Parents After Disposition
Life happens and things don’t always turn out like you hoped or even expected sometimes. Even the closest and most cooperative of ex-spouses experience change in their lives and relocation becomes necessary or simply unavoidable. If the parents’ custody or dissolution proceedings have been concluded or finalized, whether by Court-issued decree or Court-approved stipulation, unless the decree or stipulation addresses the topic of relocation, the parties are left adrift with no guidance.
It’s important to know that, even when the custodial parent wants to relocate with the minor child, the current decree or stipulation controls. Meaning, the custody arrangement and visitation schedule that’s set forth in the most recent decree or stipulation will remain in full force and effect, regardless of whether the custodial parent wants to relocate or has already relocated. If a non-custodial parent cannot or does not receive their court-ordered custody or visitation rights because the custodial parent has relocated with the minor child, the custodial parent may be subject to a contempt action.

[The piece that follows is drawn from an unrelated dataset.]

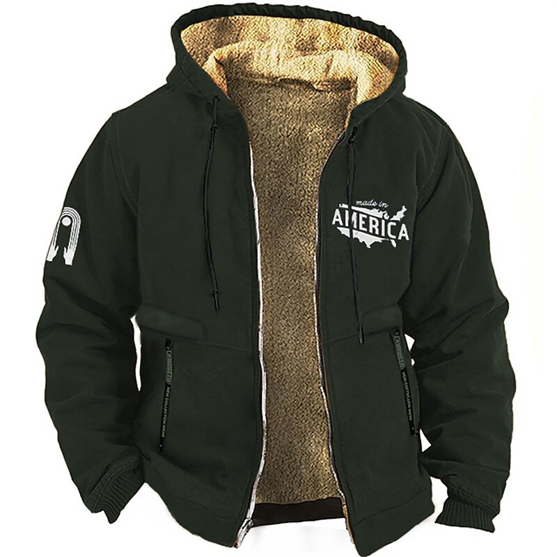 Letter Graphic Prints Fashion Daily Casual Men's Hoodie Fleece Jacket Outerwear Vacation Going out Streetwear Hoodies White Blue Dark Green Long Sleeve Hooded Print Fall & Winter Designer

In order to address this, typically the custodial parent will want to modify the current arrangement. If the parties cannot come to an agreement, this can be done through Court intervention by filing a petition for modification. Under Iowa law, custody and visitation orders can be modified upon a showing of a substantial change in circumstances that was not contemplated at the time the original order was entered. Courts generally require more certainty (or unavoidability) in the relocation if modification proceedings will be commenced before the relocation actually happens.
The law on this area is vast and has many intricate facets, which can be unique to each case. Generally speaking, the parent with primary physical care of the minor child is given the final “say” concerning where the child’s home will be. However, a change of residence by the primary caretaker, which involves a substantial distance, may justify a change of custody if the reasons for the move and the quality of the new environment do not outweigh the adverse impact of the move on the child.
In Iowa, a “substantial change in circumstances” is established if the parent wishes to relocate the minor child 150 miles or more from the residence at the time of the original custody order. This does not mean that custody will automatically be transferred, but merely means that a “substantial change in circumstances” has occurred. The non-relocating parent must then show they can render superior care than the relocating parent and demonstrate how the relocation will detrimentally affect the child’s best interests in order for the Court to consider modifying custody.
There are a large number of factors the Court must consider when determining whether or not to disallow removal of minor children from their present home. Keep in mind that, if both parents are found to be equally competent to minister to the minor child, the Court will not change custody and will allow the relocation, subject to a new visitation schedule. Therefore, regardless of whether you are the relocating, non-relocating, custodial, or non-custodial parent, there are many things you must consider.
Because the law on this subject is expansive and ever-changing, you should seek the services of a trained attorney who is well-versed in this area of family law, who keeps themselves up to date on all the changes to the law, and who understands how to make the best arguments in line with your best interests.